Empowering distributed precision medicine: scalable genomic analysis in clinical trial recruitment
Heath OBrien, Adam Faulconbridge, and Matteo Di Giovannantonio
Sano Genetics is at the forefront of precision medicine, specialising in equipping pharma and biotech companies with the tools to recruit and retain participants for clinical trials. This is done using decentralised, at-home genetic testing and cutting-edge digital technologies.
We are currently scaling up to handle genetic data from 100s of participants per week, with a fully automated process from sample kit ordering, through to the return of processed results to the participant.
The core of our product are our Participant Portals. These bespoke digital spaces act as a single source of truth for participants to access personalised study updates, condition-specific articles and more.
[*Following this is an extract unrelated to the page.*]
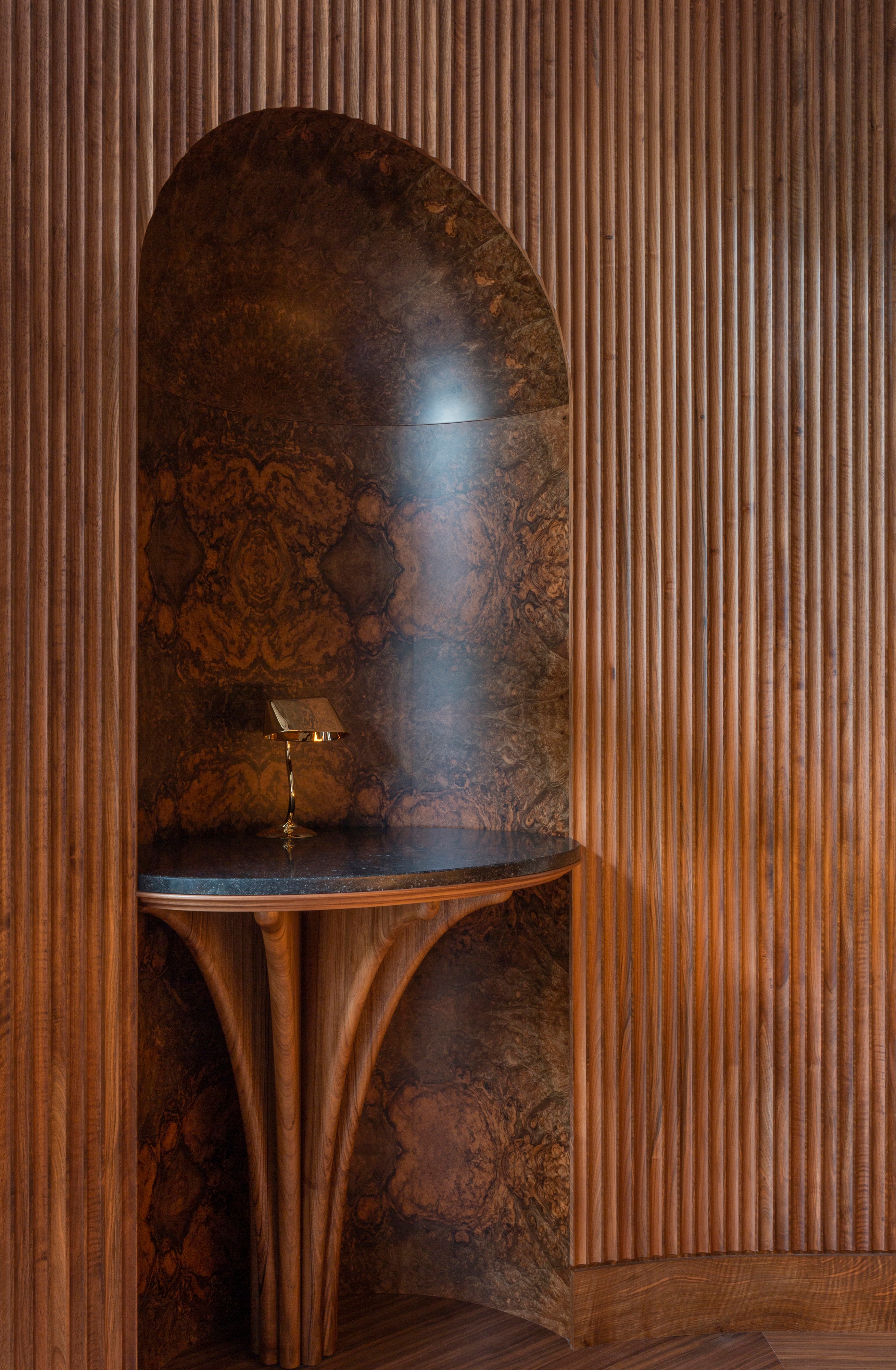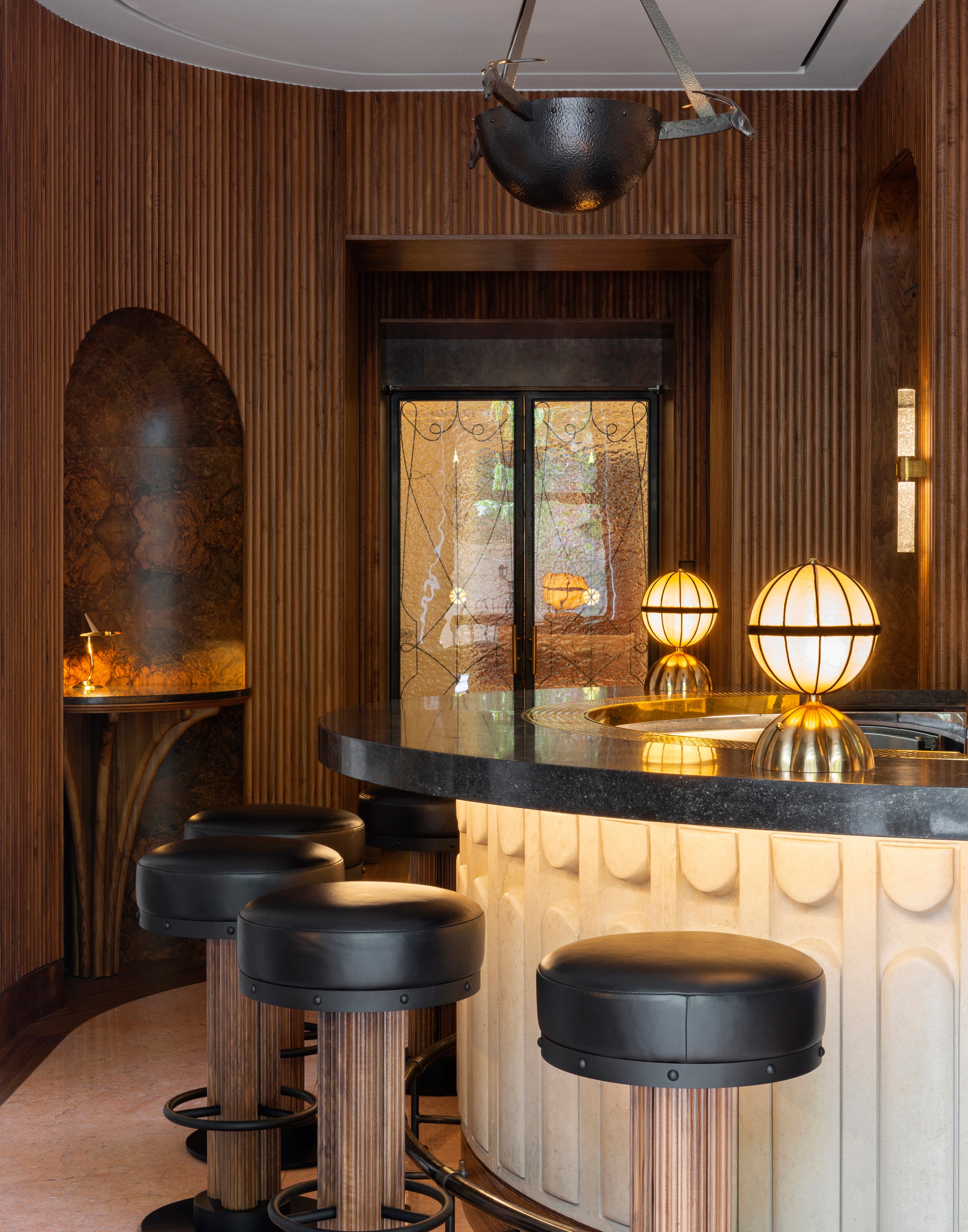 The Berkeley Bar is the Studio’s first hospitality project in London. Every element of The Berkeley Bar has been designed by Bryan O’Sullivan Studio and is realised by fine craftspeople, from the plasterwork frieze, bespoke lighting, custom furniture to the unique totem pole.

Our globally distributed network of Participant Portals are built on a serverless infrastructure based on AWS lambda. This allows our systems to scale automatically and eliminates the need for server management, but it presents challenges for data science, particularly the analysis of genomic data. Execution time is capped at 15 minutes with limited compute, and many of the standard libraries for data analysis are unsuitable or incompatible. We use AWS Batch to handle these long-running analysis tasks, but provisioning the infrastructure for each task is a bottleneck. Nextflow solves this problem by separating the data processing code from the infrastructure engineering and allowing us to run various arbitrarily complex workflows on the same infrastructure. This allows data processing to be integrated within our Portal infrastructure, so that tasks are triggered by our sample logistics and the participant experience is automatically personalised according to the results.
Nextflow has not only enabled us to overcome the challenges posed by the scale and complexity of genomic data analysis but also allowed us to provide participants with a seamless, personalized experience, further advancing the frontiers of precision medicine in the field of clinical trials.